Покончив с уроками, Федя брался за газеты. Это было его непременной обязанностью. Теперь, когда мама училась, часть домашних дел лежала на мне и на Наде. И если я не успевала просмотреть газеты, то уж, конечно, обо всем, что было в них интересного, сообщал Федя.

      И о том, что сегодня пишут в “нашей” газете, тоже раньше всех узнавал Федя. Наша газета – это “Звезда”, потом “Правда”. По воскресеньям Федя выбегал на улицу чуть ли не на рассвете, чтобы выхватить у газетчиков “Правду”, прежде чем ее успеют конфисковать, – а это случалось довольно часто. С каким торжеством вбегал Федя домой со спрятанной под курткой газетой, торопясь рассказать, что мальчик-газетчик едва успел передать ему номер.

      – Двое городовых уже были тут как тут!

     Но обычно “Правду” приносили из монтерской, – там с ней были связаны по-деловому. Через монтеров ее распространяли. Рабочий монтерской Савинов, так же как и Василий Андреевич, был одно время официальным редактором “Правды”.

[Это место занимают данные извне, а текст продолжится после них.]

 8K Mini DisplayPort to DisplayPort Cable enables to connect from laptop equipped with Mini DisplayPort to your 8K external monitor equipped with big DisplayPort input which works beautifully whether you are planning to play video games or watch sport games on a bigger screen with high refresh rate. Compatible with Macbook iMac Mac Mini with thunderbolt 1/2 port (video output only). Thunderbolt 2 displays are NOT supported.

      Помню первые разговоры о выходе новой газеты.

     – Ежедневная рабочая газета. Массовая, спаянная с рабочими. Такая давно нужна. “Звезда” ведь выходила не чаще двух раз в неделю.

      На “Правду” шли сборы. Каждый день приходили новые и новые рабочие копейки. Деньги на “Правду” собирали и в монтерской. Потом пришел первый номер “Правды”. Отец принес ее. Он рассказывал, что план газеты составил Коба. Как раз тогда Коба, после бегства из ссылки, скрывался в квартире “неприкосновенного” депутата Полетаева. Сталина выследили и арестовали в день выхода первого номера “Правды”.

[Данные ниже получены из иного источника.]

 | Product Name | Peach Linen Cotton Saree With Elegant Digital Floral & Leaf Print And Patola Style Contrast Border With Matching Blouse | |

      Из Баку для работы в “Правде” приехал Степан Шаумян. Он остановился у нас…

      Каким окрыленным, радостно взволнованным приходил к нам Шелгунов! Он переживал выход “Правды”, как личное большое радостное событие. Мы вслух перечитывали ему по нескольку раз всю газету, и он рассказывал нам о письмах, которые приходят в “Правду”.

      Отовсюду пишут, из самых медвежьих углов, с Урала, с Дальнего Востока, с Кавказа.

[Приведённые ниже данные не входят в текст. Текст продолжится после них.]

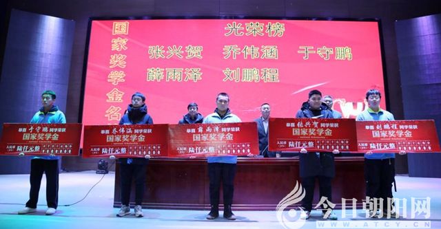 馮繼軒宣讀了《朝陽(yáng)工程技術(shù)學(xué)校2022-2023學(xué)年國(guó)家獎(jiǎng)學(xué)金獲得者名單》,于守鵬、張興賀、喬偉涵、薛雨澤、劉鵬程5名學(xué)生獲得國(guó)家獎(jiǎng)學(xué)金。

      И мы читали в газете эти корреспонденции. Просто, немногословно рассказывали о своем житье-бытье рабочие. В Харькове подростки работают по одиннадцати часов в сыром, прогнившем сарае. В Питере в какой-то мастерской от изнеможения и усталости упала в обморок работница. Она осталась лежать на земляном полу – никто не посмел нагнуться, чтобы поднять ее. Только хозяин, войдя, толкнул ее ногой:

      – Убрать. Здесь не лазарет для больных.

      Странным и чуждым представлялось нам спокойствие, царившее в гимназии. Строй чинных девочек на молитве, проповеди “батюшки” – после письма из нерчинской каторги. Там всех политических заковали в ножные и ручные кандалы за то, что они не вытянулись в строй перед губернатором. Чахоточных, больных, умирающих людей в кандалах бросили в камеры уголовников.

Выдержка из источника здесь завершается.